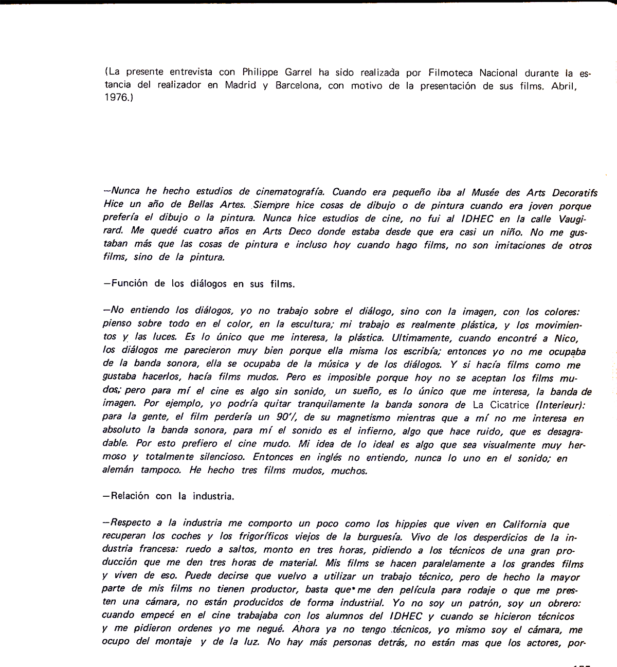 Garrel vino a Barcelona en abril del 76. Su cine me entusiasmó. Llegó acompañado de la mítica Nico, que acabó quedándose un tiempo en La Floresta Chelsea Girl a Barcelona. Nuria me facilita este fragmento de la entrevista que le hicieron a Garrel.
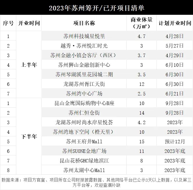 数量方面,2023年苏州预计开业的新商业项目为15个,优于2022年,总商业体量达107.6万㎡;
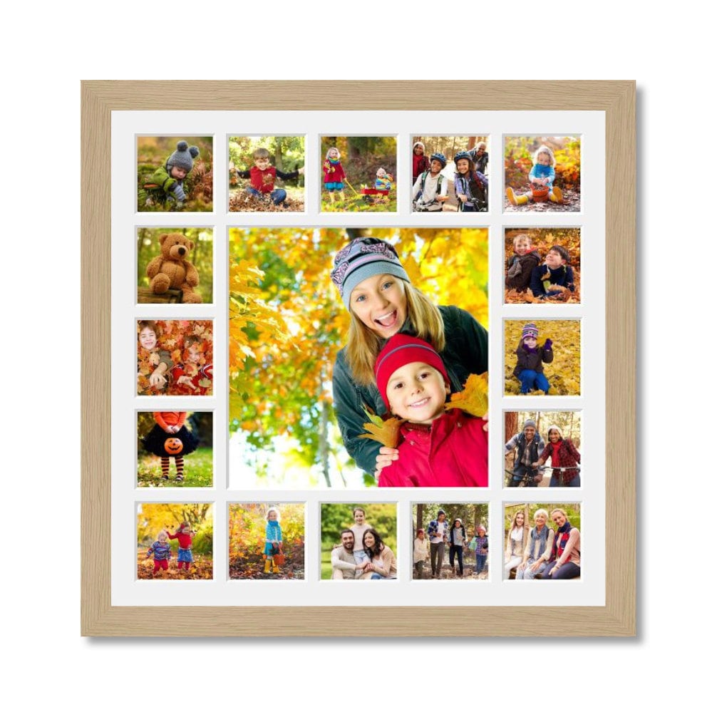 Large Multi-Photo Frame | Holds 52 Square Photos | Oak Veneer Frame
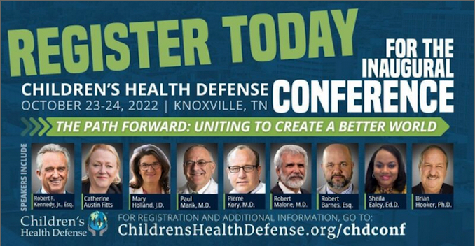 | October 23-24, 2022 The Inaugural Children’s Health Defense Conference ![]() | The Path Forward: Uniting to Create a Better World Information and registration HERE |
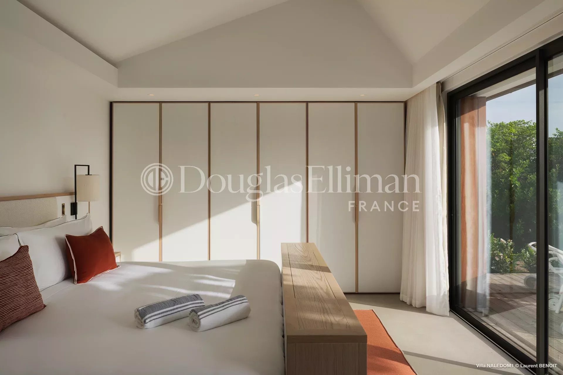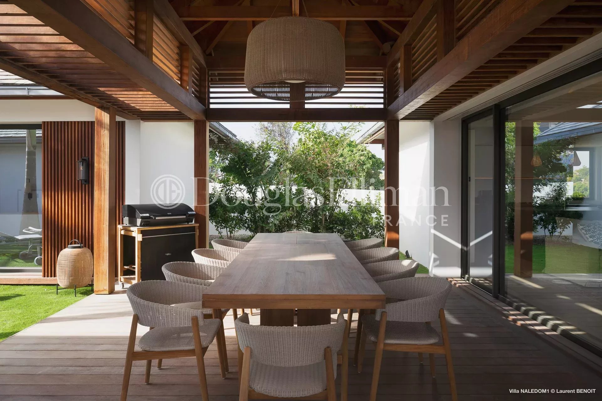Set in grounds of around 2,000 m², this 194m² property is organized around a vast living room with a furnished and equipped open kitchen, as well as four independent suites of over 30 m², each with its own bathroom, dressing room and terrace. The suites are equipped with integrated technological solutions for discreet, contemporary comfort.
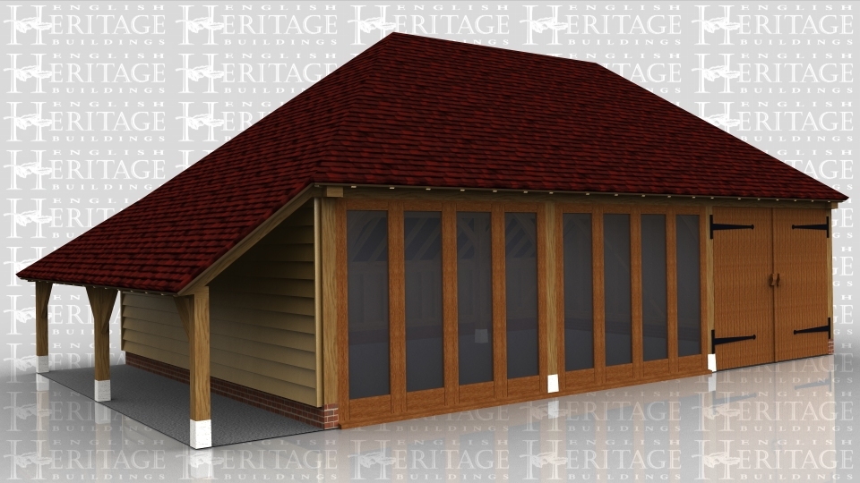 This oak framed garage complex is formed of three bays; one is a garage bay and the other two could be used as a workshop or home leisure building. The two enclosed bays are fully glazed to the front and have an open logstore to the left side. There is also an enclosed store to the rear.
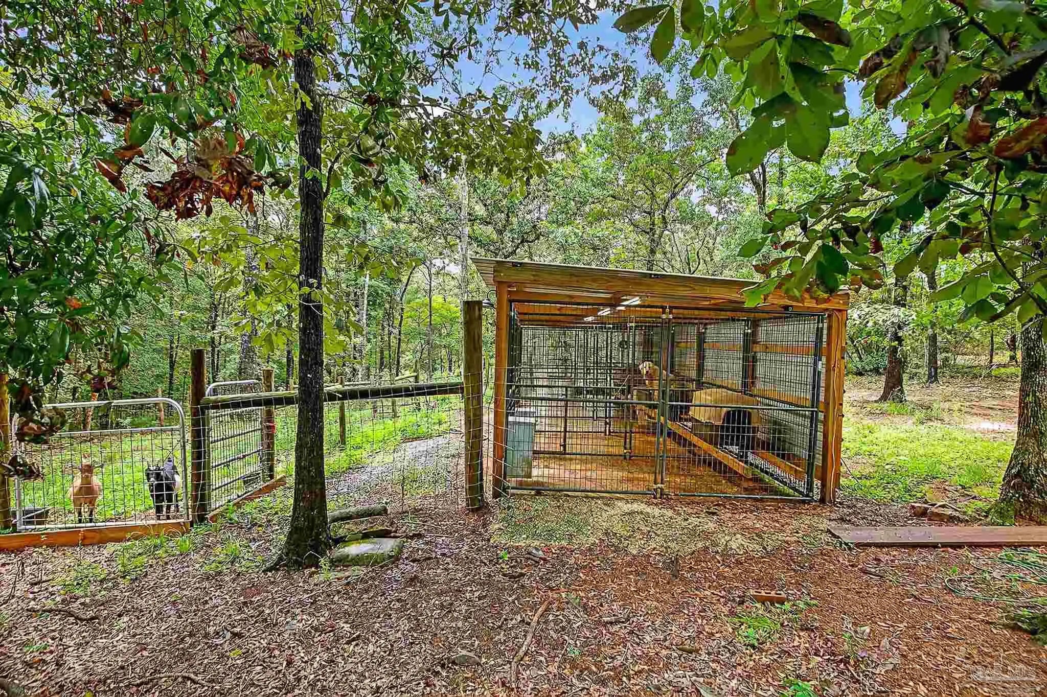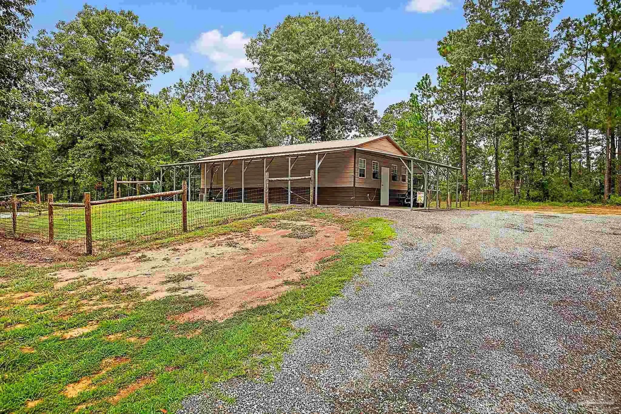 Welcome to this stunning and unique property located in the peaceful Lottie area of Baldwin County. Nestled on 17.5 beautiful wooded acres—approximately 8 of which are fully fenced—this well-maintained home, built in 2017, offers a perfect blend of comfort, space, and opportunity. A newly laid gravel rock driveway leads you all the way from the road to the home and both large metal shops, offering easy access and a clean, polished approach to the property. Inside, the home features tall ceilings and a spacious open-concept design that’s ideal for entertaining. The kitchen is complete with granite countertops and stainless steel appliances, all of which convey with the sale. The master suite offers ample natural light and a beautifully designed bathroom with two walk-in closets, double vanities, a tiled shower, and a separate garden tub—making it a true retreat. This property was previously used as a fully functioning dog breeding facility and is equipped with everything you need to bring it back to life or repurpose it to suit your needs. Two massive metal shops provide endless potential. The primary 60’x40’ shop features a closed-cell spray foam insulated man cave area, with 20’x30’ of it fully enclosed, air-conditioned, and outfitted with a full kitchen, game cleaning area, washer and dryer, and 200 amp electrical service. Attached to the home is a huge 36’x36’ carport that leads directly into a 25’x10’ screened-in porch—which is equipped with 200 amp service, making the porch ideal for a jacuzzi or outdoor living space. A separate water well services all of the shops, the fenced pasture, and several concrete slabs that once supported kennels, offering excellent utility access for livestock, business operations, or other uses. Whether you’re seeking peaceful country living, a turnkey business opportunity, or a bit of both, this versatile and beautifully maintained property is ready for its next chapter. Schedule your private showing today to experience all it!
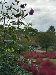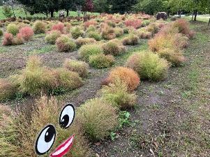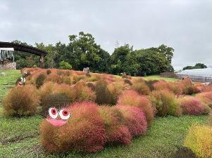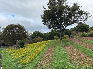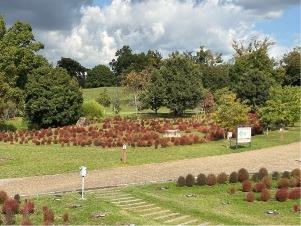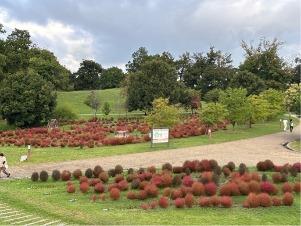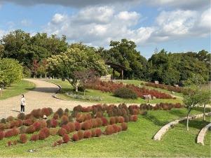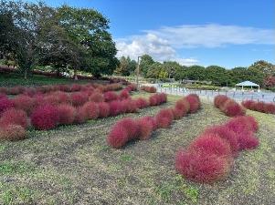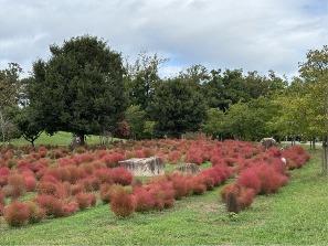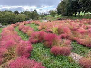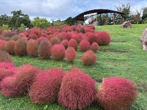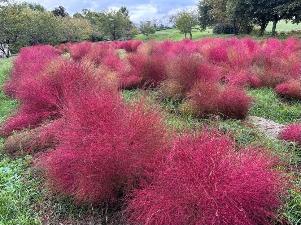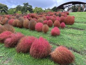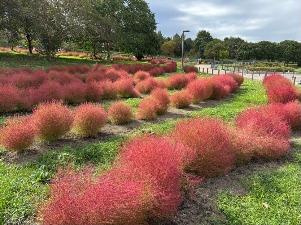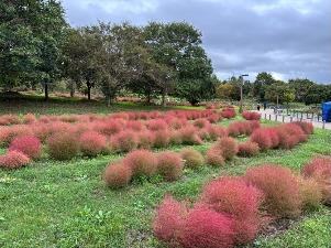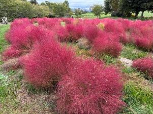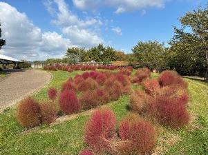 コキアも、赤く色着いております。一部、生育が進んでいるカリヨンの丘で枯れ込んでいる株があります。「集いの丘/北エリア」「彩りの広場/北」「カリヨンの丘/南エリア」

* [EXERCISE PROMPT] Print the entries as they stand, first line through the line holding "This oak framed", with every picture removed.

* [FINISHED TASK]
 Garrel vino a Barcelona en abril del 76. Su cine me entusiasmó. Llegó acompañado de la mítica Nico, que acabó quedándose un tiempo en La Floresta Chelsea Girl a Barcelona. Nuria me facilita este fragmento de la entrevista que le hicieron a Garrel.
 数量方面,2023年苏州预计开业的新商业项目为15个,优于2022年,总商业体量达107.6万㎡;
 Large Multi-Photo Frame | Holds 52 Square Photos | Oak Veneer Frame
 | October 23-24, 2022 The Inaugural Children’s Health Defense Conference ![]() | The Path Forward: Uniting to Create a Better World Information and registration HERE |
Set in grounds of around 2,000 m², this 194m² property is organized around a vast living room with a furnished and equipped open kitchen, as well as four independent suites of over 30 m², each with its own bathroom, dressing room and terrace. The suites are equipped with integrated technological solutions for discreet, contemporary comfort.
 This oak framed garage complex is formed of three bays; one is a garage bay and the other two could be used as a workshop or home leisure building. The two enclosed bays are fully glazed to the front and have an open logstore to the left side. There is also an enclosed store to the rear.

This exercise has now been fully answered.